Claims Conference Receives $5.5 Million From Landecker Foundation

The Claims Conference in New York City has announced a three-year, €5 million ($5.57 million) pledge from the Alfred Landecker Foundation and the Reimann family in support of emergency assistance for Holocaust survivors.

The Claims Conference, which provides compensation payments to Holocaust survivors, will absorb 100 percent of the administrative costs associated with management and distribution of the funds.

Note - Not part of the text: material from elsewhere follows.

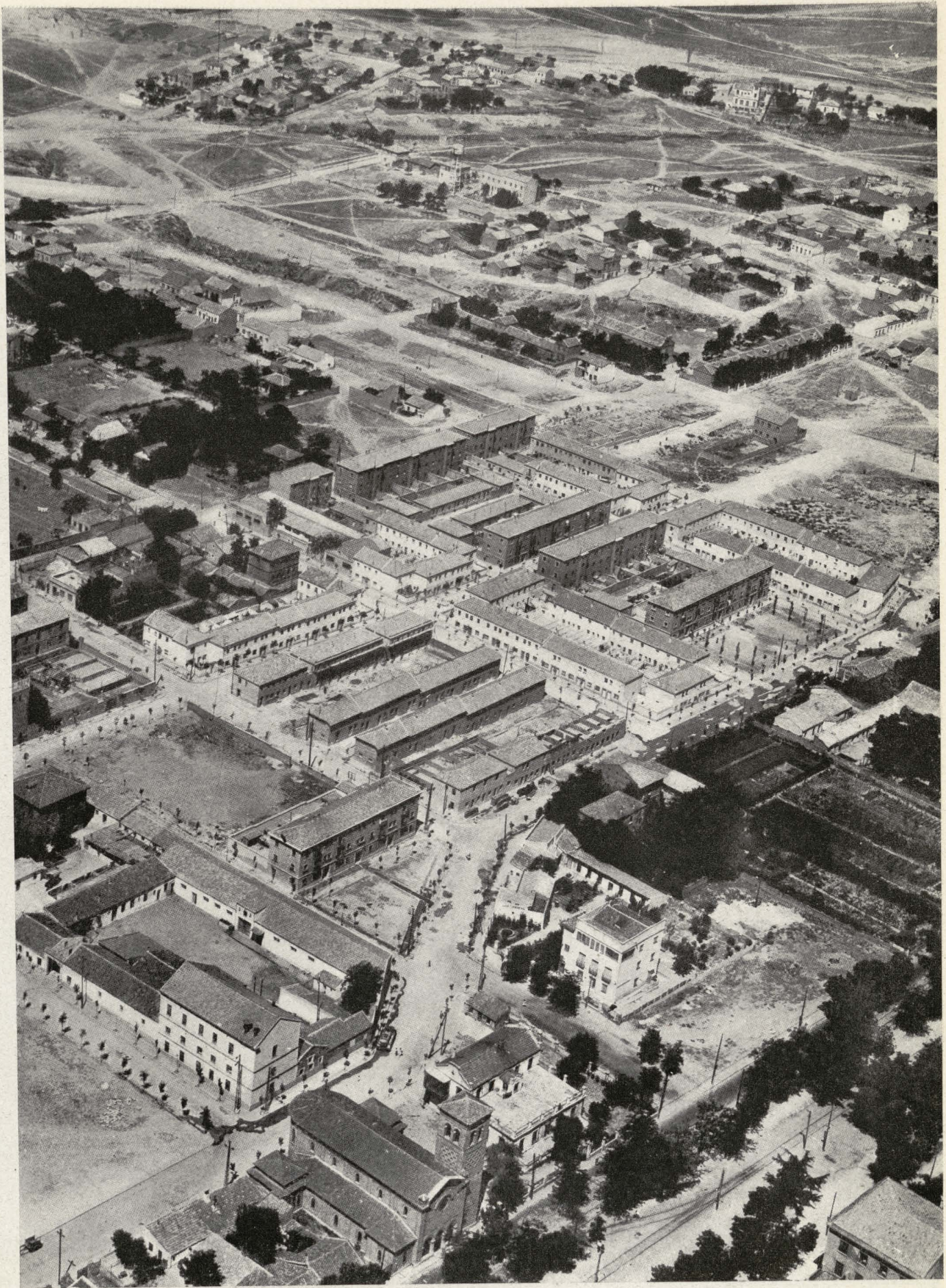
Bloques de viviendas construidos en la barriada de Pueblo Nuevo.

Several years ago, members of the Reimann family, one of the wealthiest in Germany and the owner of several well-known brands, including Krispy Kreme and Peet's Coffee through the privately held JAB Holding Co., appointed an independent historian, Dr. Paul Erker of Ludwig Maximilian University in Munich, to research the family's political history as well as that of the Benckiser company, the precursor to JAB Holding. The research uncovered the fact that the company had used forced labor in its factories during World War II and that company leaders Albert Reimann, Sr., and his son, Albert Jr., were ardent supporters of Adolf Hitler and the Nazi regime and outspoken in their anti-Semitism. In acknowledgement of that history, the family established the foundation earlier this year and has committed to distribute €10 million in humanitarian assistance to survivors of the Holocaust.

The foundation was named in honor of Alfred Landecker, who died at the hands of Germans when he was deported in 1942. Landecker's daughter, Emilie, had three children with Albert Reimann, Jr.

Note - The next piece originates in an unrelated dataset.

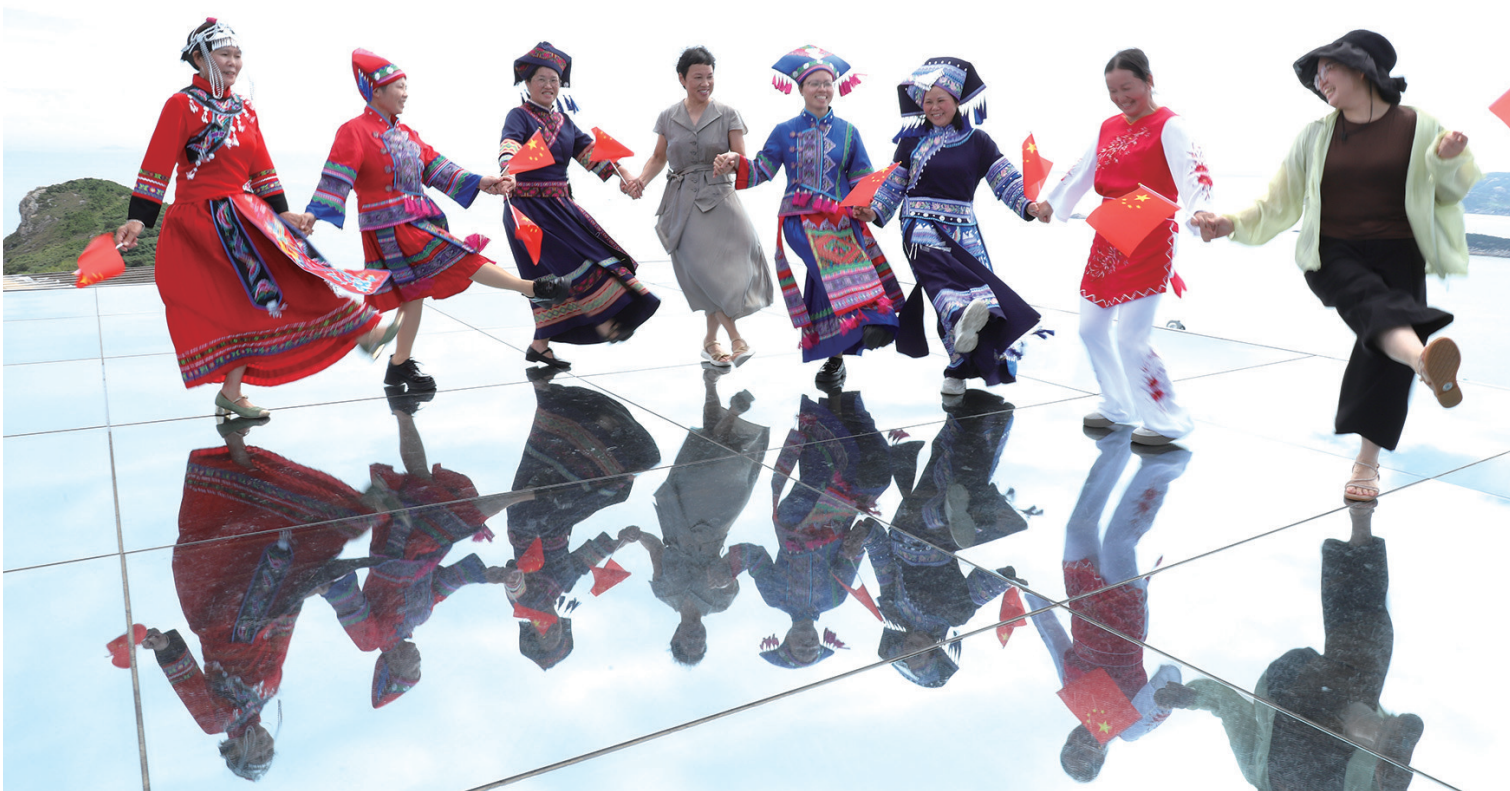
各族群众在松门山海之韵景区的天空之镜上欢快地跳起民族舞。

簪横校园里，300多名学子拼出“中国76”字样献礼祖国；松门山海之韵景区内，各族群众载歌载舞，庆祝新中国76周年华诞；九龙汇公园中，几名青年用红布条摆出五角星造型，用青春力量庆贺新中国生日；文明实践主题公园里，市民举旗健步跑，唱响爱国曲；市级机关幼儿园内，孩童在趣味体验中种下爱国种子。一幅幅画面，呈现温岭喜迎国庆节的浓情瞬间，充满节日喜悦与爱国情怀。

"As survivors age, their needs are growing ever greater. Our goal is to identify every funding source available to ensure more care and more programs for survivors," said Claims Conference executive vice president Greg Schneider. "The funding from the Reimann family through the Alfred Landecker Foundation will help bring us closer to that goal."

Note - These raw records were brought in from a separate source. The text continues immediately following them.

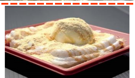
黒みつきなこアイスモッフル
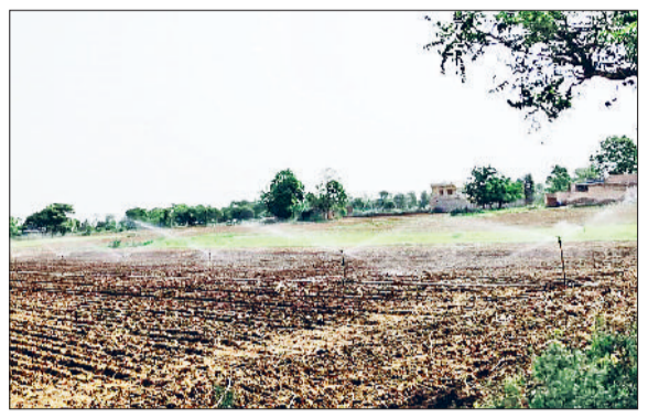
रेवाड़ी। एक खेत में फव्वारों से सिंचाई करते किसान व रविवार शाम को छाए बरसात के बादल व नेहरू पार्क में बैठे लोग।
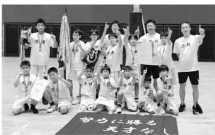
令和3年7月20日 山陽新聞

"We are delighted to partner with the world-respected Claims Conference to help realize our much-needed financial commitment to survivors of the Holocaust," said Landecker Foundation chair David Kamenetzky. "This also marks a significant step for the...foundation and our ambition of researching and remembering the atrocities of the Holocaust, as well as providing humanitarian assistance for survivors of the Holocaust and former forced labor in World War II."